Of all the fighters forced to walk the testosterone replacement therapy tightrope during the last several years, Dan Henderson always managed to pull it off with the greatest of ease.
While we vilified Vitor Belfort, snickered at Chael Sonnen and scoffed at Todd Duffee, Hendo largely got a pass. He was arguably just as culpable as the rest—all boxed into the paradoxical corner of claiming they needed TRT to compete while simultaneously denying it had anything to do with their success in the cage—but mostly we let him slide.
Maybe because MMA’s testosterone debate didn’t really reach its fever pitch until he was into his 40s, we cut Henderson some slack. Maybe because he never tested positive for anything and because he always came off as more open and honest about TRT than some other people we could mention, we were more inclined to believe his explanations.
Or maybe we just liked the guy.
Maybe we all admired his legendary career, lackadaisical cowboy attitude and swing-for-the-fences style and didn’t want to corrupt them with allegations of cheating.
Whatever the reason, it’s probably lucky for all involved that it’s Henderson who is getting a one-night-only extension on TRT when he fights Mauricio Rua on Sunday at UFC Fight Night 38.
If it were anybody else, people would be making a bigger deal of it.
In the 21 days since the Nevada Athletic Commission abruptly banned the controversial treatment, ramifications have been swift and sweeping. The UFC quickly followed the NAC’s lead, as did regulators who will oversee this weekend’s event in Natal, Brazil.
Belfort lost his planned middleweight title shot, Sonnen has hinted at retirement, and Henderson says he’s taking a wait-and-see approach on his own future.
"I'm pretty much going to get this fight handled and then worry about the changes later," he told Fox Sports' Damon Martin. "That's my mindset and I don't need to make any decisions now. I'm going to have to do some research and see what's out there."
Because he'd already been approved for a TRT exemption for this fight by the time the NAC's decision came down, Hendo was granted a temporary stay. We’re left to assume it was deemed unsafe or impossible for him to transition off the stuff and still make the date. He’ll be allowed to use TRT this one last time, but at the conclusion of the bout, it will no longer be allowed in the Octagon.
Fans and media types seem mostly OK with Hendo getting some leeway, though it remains the kind of thing you don’t want to think about too long, lest you start to confront some heavy philosophical questions about the legitimacy of competition, the seemingly arbitrary nature of rules and the differences in how we treat people.
You can imagine, for example, the public furor if it had been Belfort who was granted an extra month to ingest synthetic testosterone, instead of Henderson. You can imagine the stories we’d write if it was Sonnen who said he was going to “worry about the changes later.”
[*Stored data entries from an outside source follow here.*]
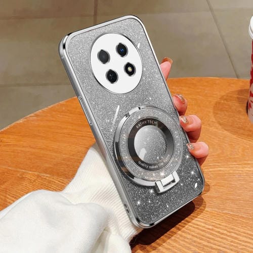 - 1x Funda TPU con Soporte redondo y purpurina degradada para Huawei Enjoy 60X (Plateada)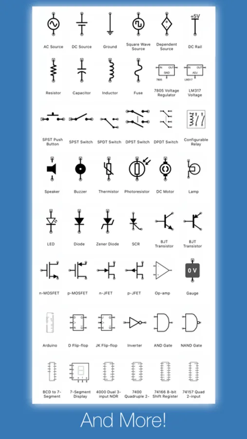There are over 300 elements you can use to build your circuits. The app has everything from a programmable Arduino, to simple resistors, to switches, to MOSFETS, to digital gates.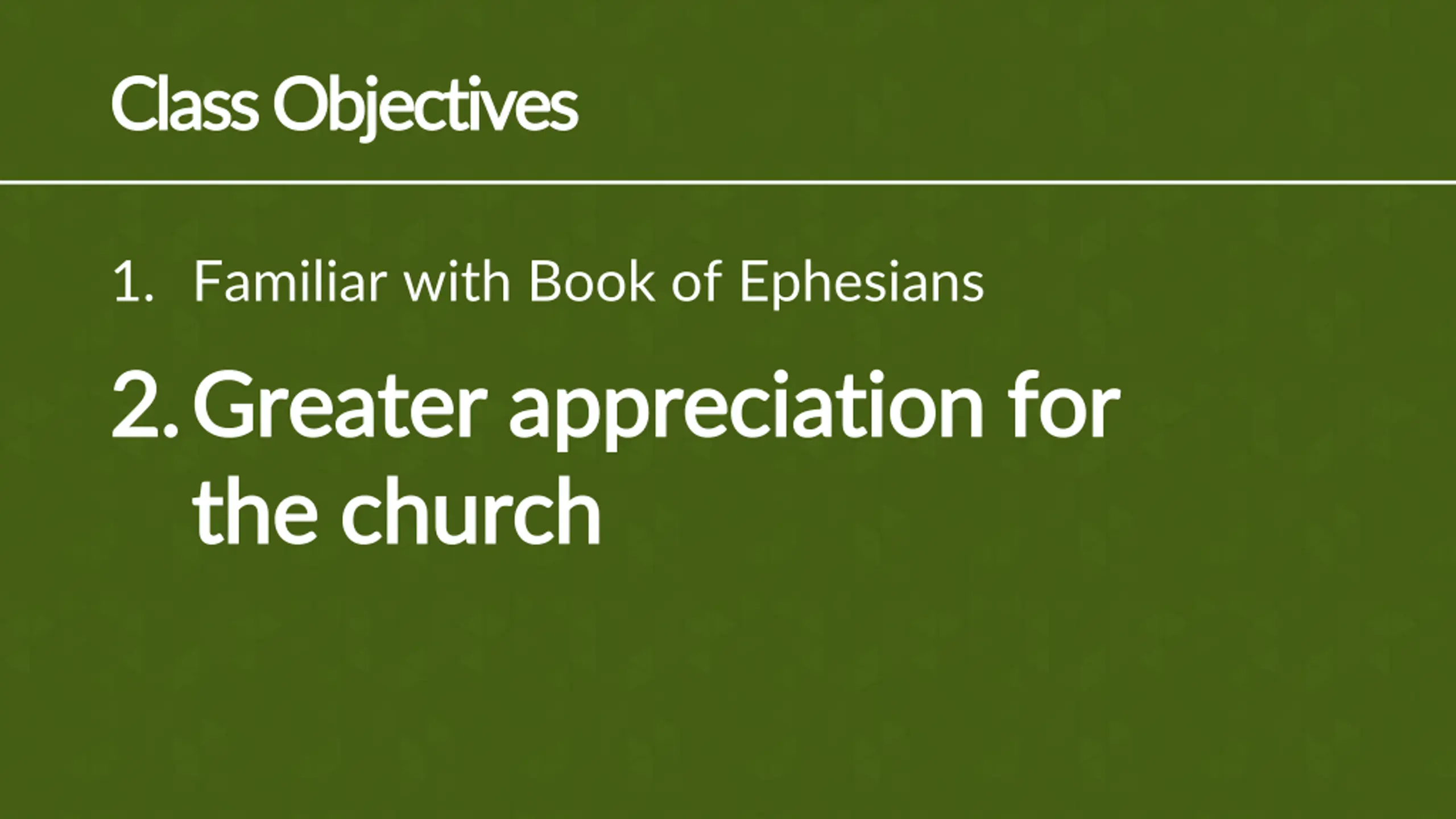Class Objectives Class Objectives 1. Familiar with Book of Ephesians 2. Greater appreciation for the church 3. 3.Greater Greater ability to see ability to see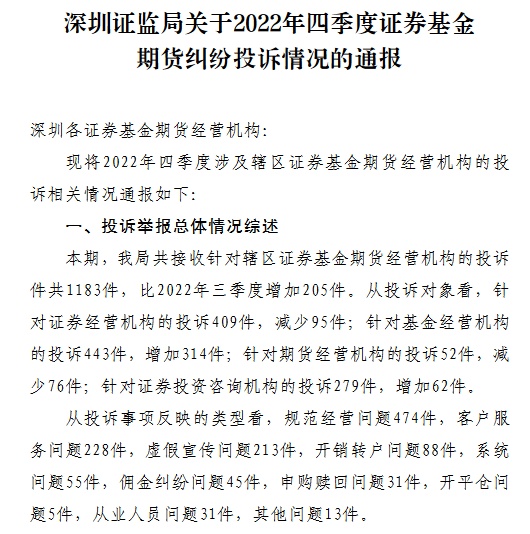 《公告》显示,深圳证监局共接收针对辖区证券基金期货经营机构的投诉件共1183件,比2022年三季度增加205件。从投诉对象看,针对证券经营机构的投诉409件,减少95件;针对基金经营机构的投诉443件,增加314件;针对期货经营机构的投诉52件,减少76件;针对证券投资咨询机构的投诉279件,增加62件。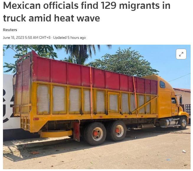 據(jù)報(bào)道,移民當(dāng)局表示,他們?cè)谝惠v卡車內(nèi)發(fā)現(xiàn)了這些移民,事發(fā)地近日正遭受熱浪侵襲,當(dāng)天的室外溫度已達(dá)到45攝氏度。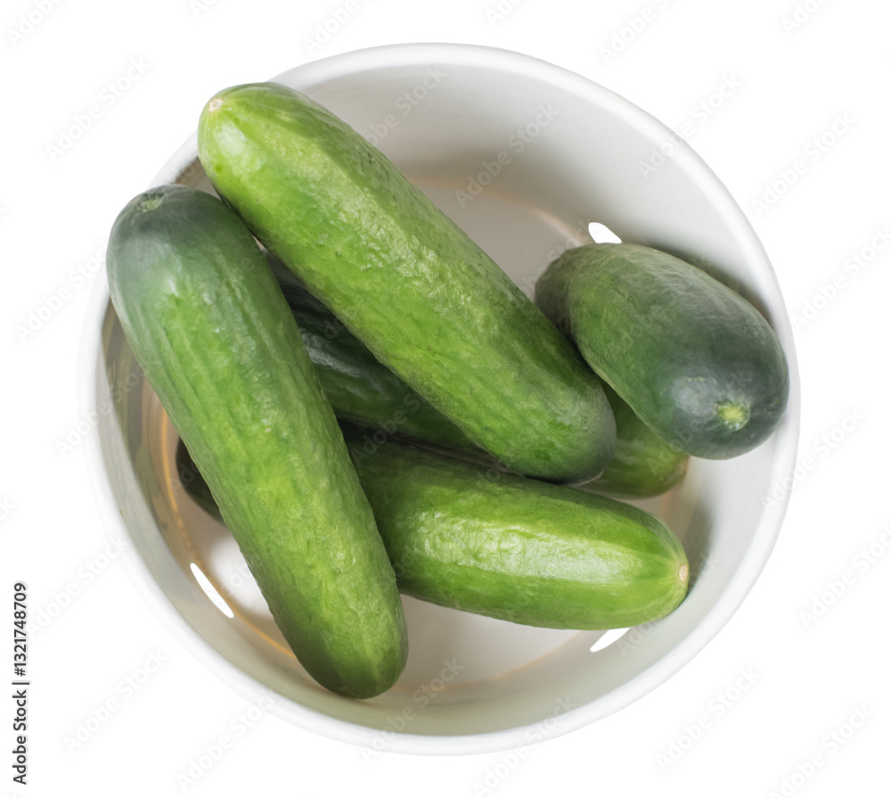 Several freshly picked cucumbers lying in white cardboard packaging, top view of fresh garden vegetables ready for culinary use isolated on transparent background,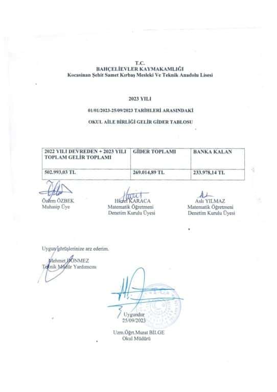 Okul Aile Birliği Gelir Gider Tablolarımız aşağıdadır.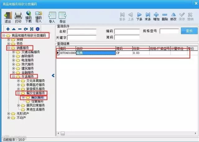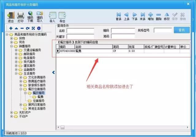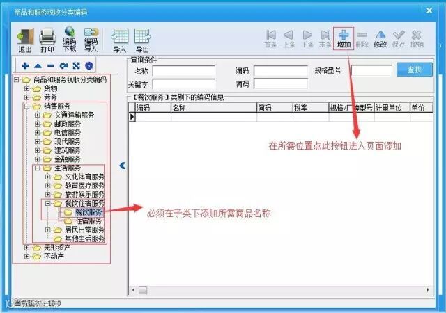 例:餐饮行业的用户需要添加“餐费”项目,需要选择商品大类及子类“销售服务--生活服务--餐饮住宿服务--餐饮服务”点击右上角“增加”如图所示:

Assuming he’s been properly vetted, tested and cleared, we’ll be asked to take Hendo's performance at face value against Rua. Then, on Monday, the thing we watched on Sunday will be outlawed. From here to eternity, it will be punishable by fine and suspension, as well as possible forfeiture of wins, bonus money and all the other good things that can result from having a supercharged performance in the Octagon.
You have to admit, it puts this fight on pretty strange footing. If, after three-plus years of debate, we’ve decided to mentally hang an asterisk on the accomplishments of guys like Belfort and Sonnen during the TRT era, we have to do that for Henderson, too.
That includes this fight, as well as his classic first bout against Rua.
Testosterone therapy had not yet become a full-fledged scandal in November 2011, when Hendo and "Shogun" met at UFC 139 in what was arguably the greatest fight in the company’s history.
At the time, it had been a bit more than a year since we learned Sonnen popped positive for elevated testosterone levels at UFC 117 and just shy of five months since Nate Marquardt added the initials TRT to the popular lexicon. That July, Henderson had admitted to ESPN.com's Brett Okamoto that he was the first athlete ever to receive a therapeutic use exemption for testosterone in Nevada, but many of us were still trying to wrap our minds around what it all meant.
Much has changed since that night, when Hendo won a unanimous decision over Shogun after a five-round donnybrook that went straight from pay-per-view to the history books.
MMA's most powerful policymakers have collectively decided that TRT is not worth the headache. As part of its February decision, the NAC acknowledged it can’t properly police testosterone usage and therefore believes it constitutes too big an opportunity for maleficence. UFC president Dana White has cheered the move, saying he “couldn’t wait for that garbage to go away,” via MMAFighting.com's Ariel Helwani.
Now we’ve all got just one more night to wait.
At least when this fight is over, we can get on with the business of MMA without asterisks.
And maybe we can stop playing favorites, too.